JUBA, South Sudan
Escalating intercommunal clashes in South Sudan are causing immense harm to civilians and risk pulling organized armed groups into conflicts that could unravel the peace agreement, a UN official said.
In a statement, David Shearer, UN’s special representative of the secretary general, said between January and May this year, the UN Mission in South Sudan (UNMISS) recorded 415 violent incidents between communities, up from 129 during the same period in 2018.
Shearer said although the fighting between political parties has significantly reduced as factions broadly respect the cease-fire, the scope and intensity of the current outbreak of intercommunal violence could threaten this fragile peace.
“Hundreds of people have been killed or injured, women and children abducted, cattle stolen, homes burnt to the ground and thousands forced to flee to escape the violence,” he said.
“Tensions remain very high and we urge the groups to lay down their weapons and come together to reconcile.”

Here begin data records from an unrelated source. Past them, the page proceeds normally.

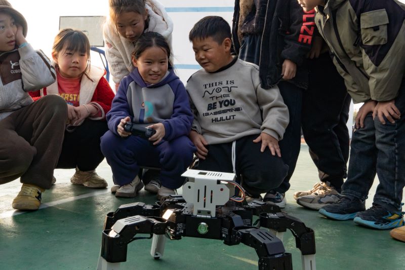 活动现场,我校大学生向小学生介绍机器人基本原理,展示机器人实物,指导开展实操;讲解航模知识,进行飞行表演,演示制作过程;示范折纸步骤,悉心逐个教学,一只只蝴蝶振翅欲飞。小学生的脸上洋溢着欢笑、好奇与满满的求知欲,大学生分享着知识、快乐与成长,提升了自我。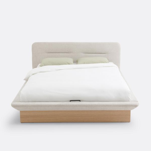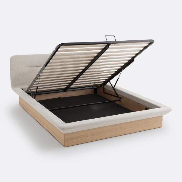 Le lit coffre avec sommier relevable TIVARA. Fonctionnel, élégant et contemporain, le lit TIVARA intègre sous son sommier relevable un espace de rangement très pratique pour y caser oreillers, couverture, linge de lit.Description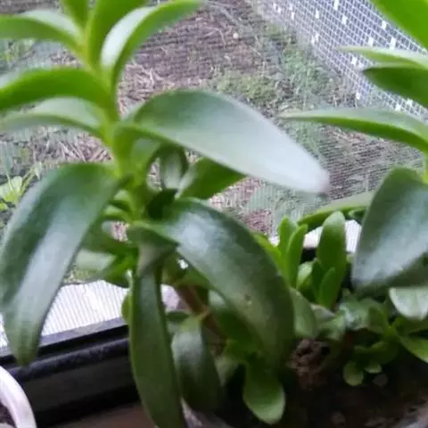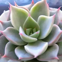 扁平,倒披针形或倒卵形,形状介于椭圆形和长方形之间。长1.5—3.5厘米,宽0.5—1.2厘米。长在植株的基部,向外延伸。有绒毛。朝上一面平坦或微凹,朝下一面凸起。边缘尖锐,有极微小的纤毛。基部呈楔形。有叶尖。一般呈棕红色或深紫红色,阳光充足、温差大的环境下呈现较鲜艳的红色,少光环境下呈绿色。

According to Shearer, despite the COVID-19 challenges, UNMISS has carried out several peacekeeping patrols to the affected areas to deter violence and is engaging with key leaders to calm tensions and promote peace.
He said in Central Equatoria state, clashes are continuing between the National Salvation Front, government and opposition forces that have resulted in the death and displacement of civilians, rape and sexual violence against women and girls, and the destruction of property.
“Much of the lawlessness and seizing of resources by armed groups stems from an absence of authority because political parties have failed to agree on the appointment of governors and local authorities in the 10 states,” he added.